### PROBLEM STATEMENT
Take the lines below from the one with "Street One Trenchcoat" through the one with "Dans le cadre" and retype them exactly. Include nothing else, and no pictures.

### RECORD SET
-- Opening Marker --
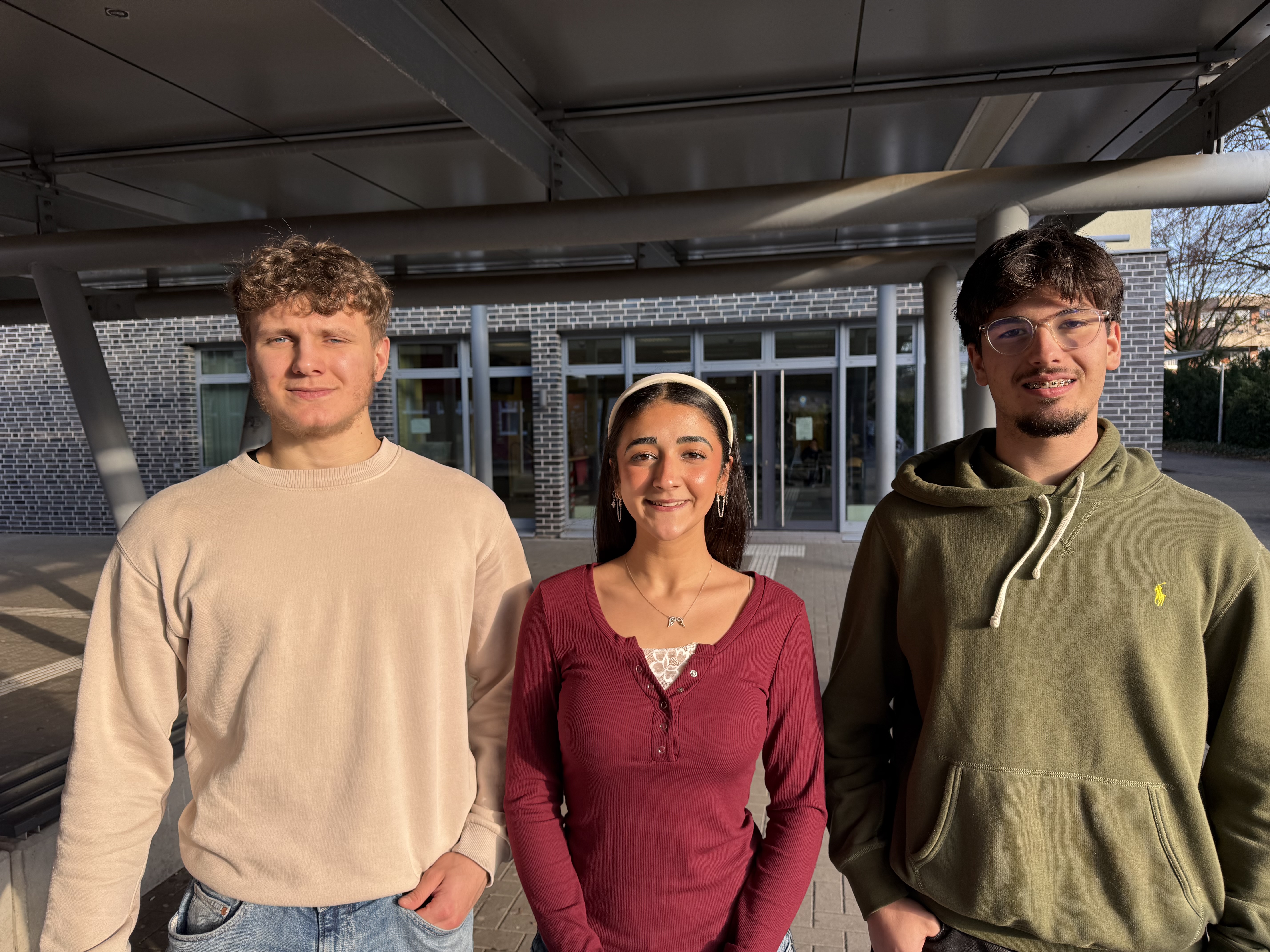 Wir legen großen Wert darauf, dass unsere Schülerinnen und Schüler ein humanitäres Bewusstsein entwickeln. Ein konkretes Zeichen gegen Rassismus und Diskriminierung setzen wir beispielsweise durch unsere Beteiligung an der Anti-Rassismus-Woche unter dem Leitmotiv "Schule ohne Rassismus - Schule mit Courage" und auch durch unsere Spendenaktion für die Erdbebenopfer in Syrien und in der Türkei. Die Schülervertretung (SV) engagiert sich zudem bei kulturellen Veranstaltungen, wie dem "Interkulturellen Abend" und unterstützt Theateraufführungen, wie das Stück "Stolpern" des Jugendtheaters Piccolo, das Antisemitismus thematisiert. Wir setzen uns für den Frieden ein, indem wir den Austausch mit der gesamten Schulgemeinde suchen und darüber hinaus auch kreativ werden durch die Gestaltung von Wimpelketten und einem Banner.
-- Closing Marker --
-- Opening Marker --
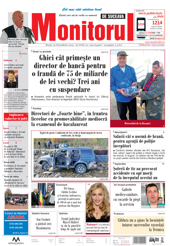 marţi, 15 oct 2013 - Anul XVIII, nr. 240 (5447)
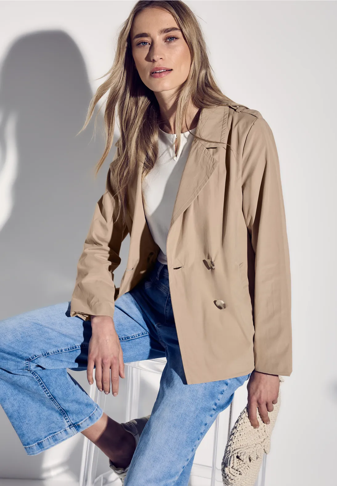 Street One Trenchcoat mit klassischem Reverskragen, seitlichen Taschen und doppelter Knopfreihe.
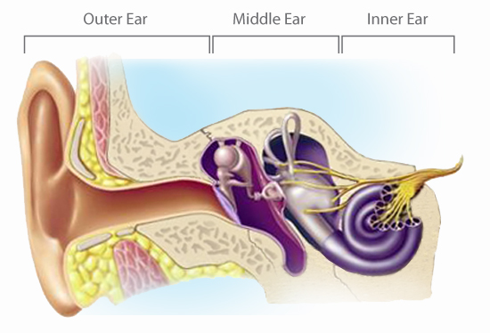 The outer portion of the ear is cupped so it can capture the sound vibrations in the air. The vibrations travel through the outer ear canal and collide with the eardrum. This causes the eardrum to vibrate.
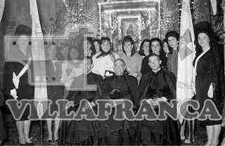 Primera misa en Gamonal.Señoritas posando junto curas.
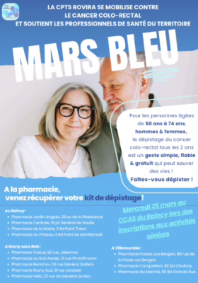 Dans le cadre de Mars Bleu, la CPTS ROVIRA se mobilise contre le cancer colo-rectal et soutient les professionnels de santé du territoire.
-- Closing Marker --
-- Opening Marker --
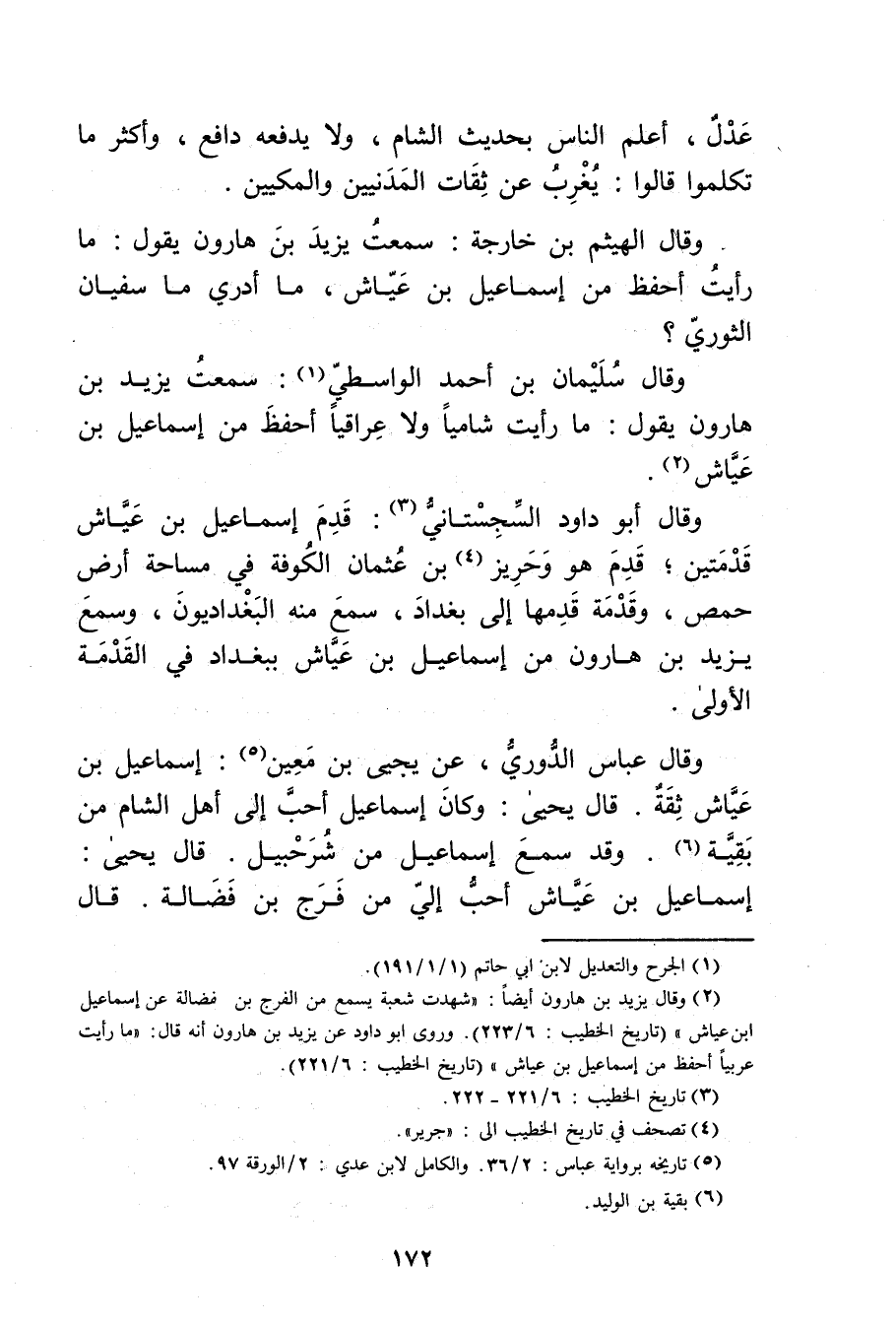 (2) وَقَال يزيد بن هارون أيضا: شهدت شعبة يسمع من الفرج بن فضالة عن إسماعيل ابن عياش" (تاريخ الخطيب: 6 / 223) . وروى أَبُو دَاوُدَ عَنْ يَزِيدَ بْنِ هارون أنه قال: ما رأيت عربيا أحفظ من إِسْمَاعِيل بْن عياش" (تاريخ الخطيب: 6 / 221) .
-- Closing Marker --
### RESULT BELOW
 Street One Trenchcoat mit klassischem Reverskragen, seitlichen Taschen und doppelter Knopfreihe.
 The outer portion of the ear is cupped so it can capture the sound vibrations in the air. The vibrations travel through the outer ear canal and collide with the eardrum. This causes the eardrum to vibrate.
 Primera misa en Gamonal.Señoritas posando junto curas.
 Dans le cadre de Mars Bleu, la CPTS ROVIRA se mobilise contre le cancer colo-rectal et soutient les professionnels de santé du territoire.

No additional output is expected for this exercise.